As mentioned in the developer guide: (An engine can have multiple execution contexts, allowing one set of weights to be used for multiple overlapping inference tasks)
Also I read they can be used in parallel. does that mean invoking 2 execution contexts in parallel? like for example perform two detection on two different images in parallel using the same model? if yes how to do that because I think normal threading in python does not work with tensorrt like I’ve tried to put the inference process in a thread and it failed till I have done the following:
class MyEngine(object):
# Initialize the Engines
def __init__(self, engine_paths, classes_paths, source, imgsz, img_label, vid_size, ...):
self.cfx = cuda.Device(0).make_context()
...
TRT_LOGGER is Used for Logging
logger = trt.Logger(trt.Logger.WARNING)
logger.min_severity = trt.Logger.Severity.ERROR
# runtime is an Instance of the TensorRT runtime
runtime = trt.Runtime(logger)
trt.init_libnvinfer_plugins(logger,'') # initialize TensorRT plugins
self.stream = cuda.Stream()
def inference(self):
...
class myThread(threading.Thread):
def __init__(self, func, args):
threading.Thread.__init__(self)
self.func = func
self.args = args
def run(self):
self.func(*self.args)
class Predictor(MyEngine):
def __init__(self, engine_paths, classes_paths, source, imgsz, img_label, vid_size, ...):
super(Predictor, self).__init__(engine_paths, classes_paths, source, imgsz, img_label, vid_size, ...)
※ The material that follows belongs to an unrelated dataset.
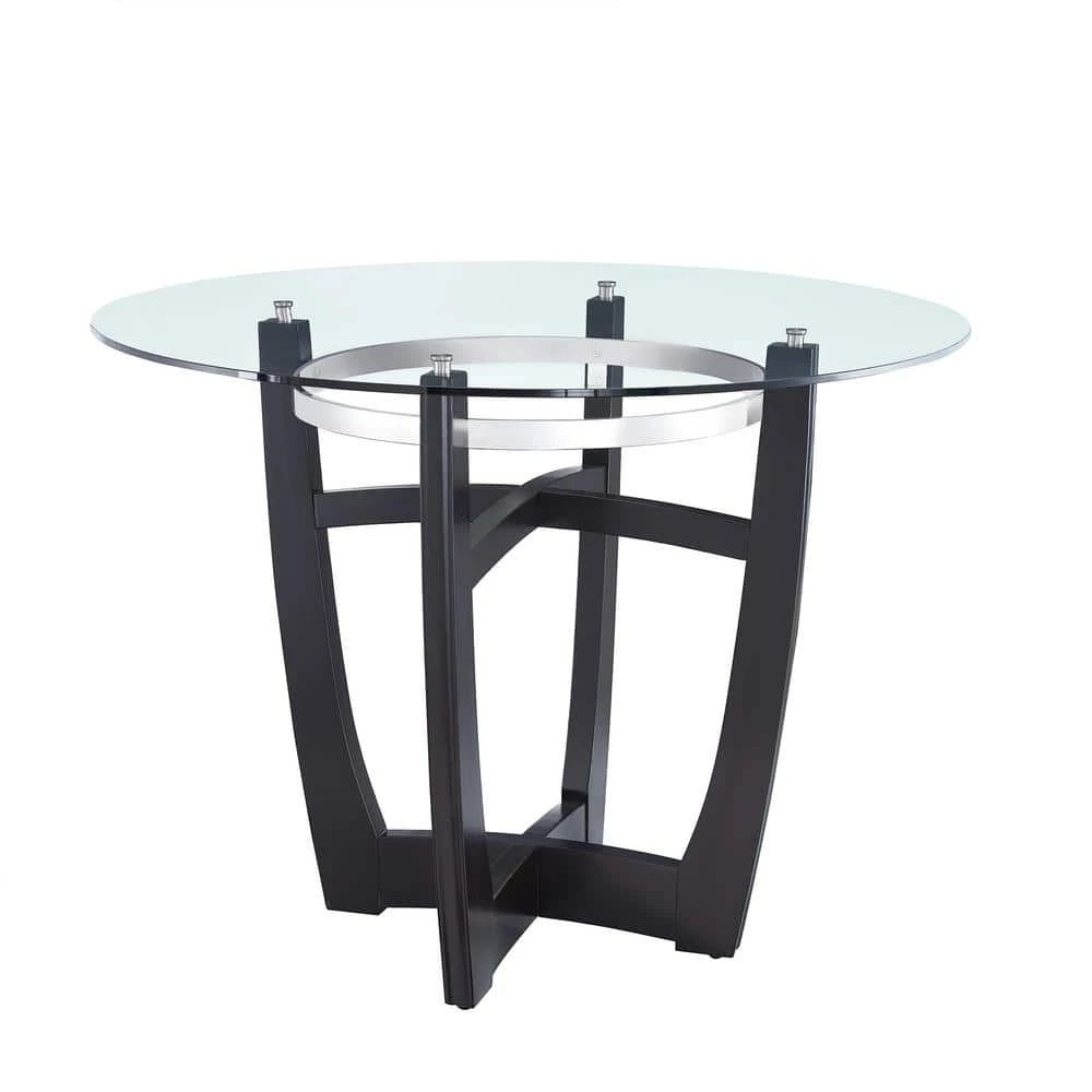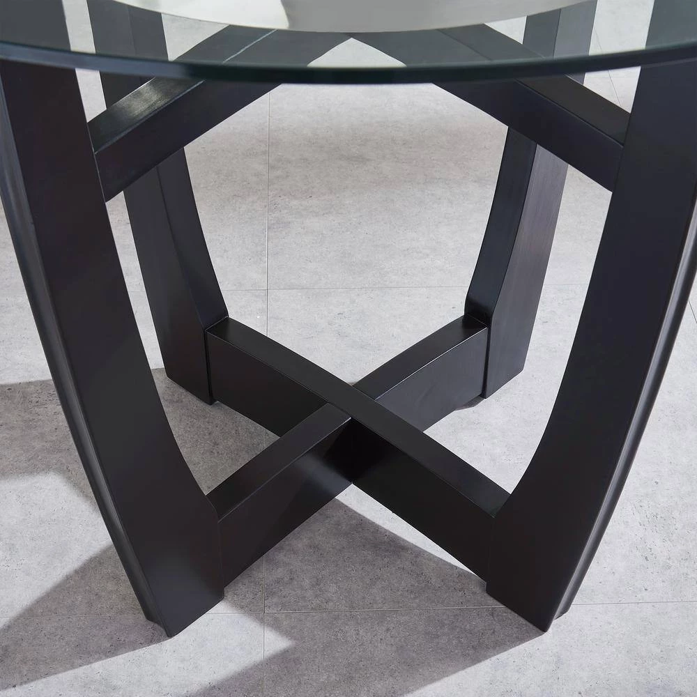 - Blending thought-provoking design and symmetrical style, this dining table lend mid-century modern appeal to any dining space. Its open-frame base showcases angular legs and around center support for a calming, balanced aesthetic. Its round tabletop comfortably accommodates up to four people.
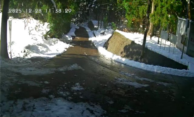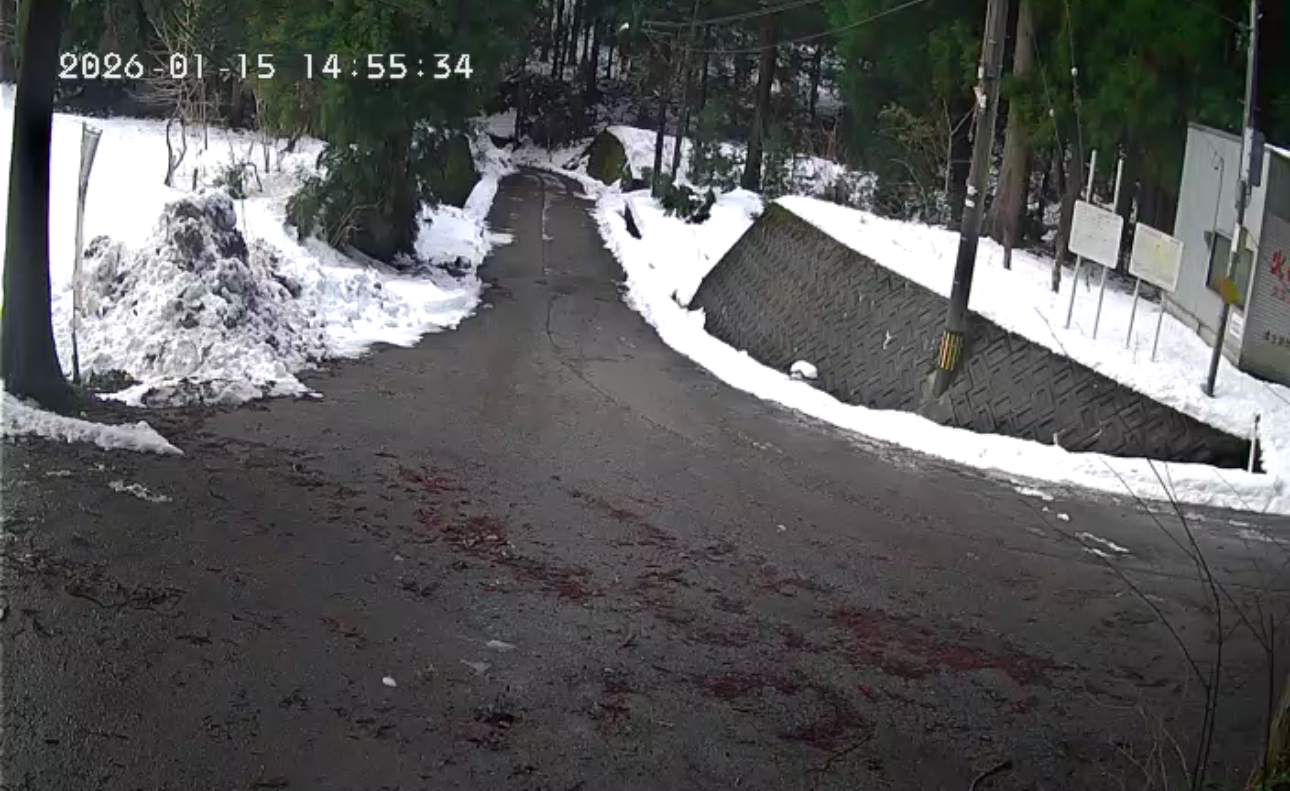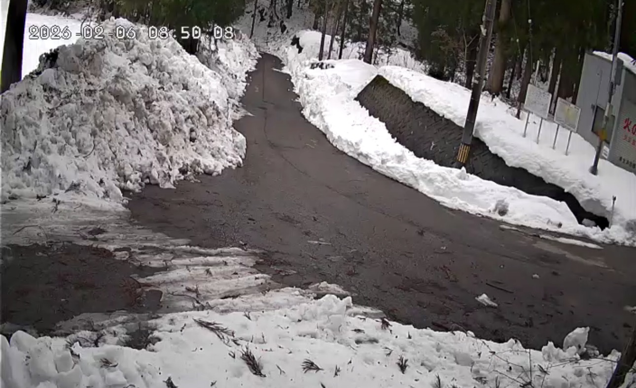 大岩から1.2kmの間、道路に大量の水を流す降雪装置があります。気温の低下と降雪により自動的に動作します。天候をよく確認されて下さい。

pred = Predictor(engine_paths=engines_paths, classes_paths=classes_paths, ...)
mainThread = myThread(pred.inference, [])
mainThread.daemon = True
mainThread.start()
I have done that after several trial and error and searching in many documents and codes, I did not understand why it did work, but it did work ! I’m still learning so can any one please explain to me why it worked and thank you.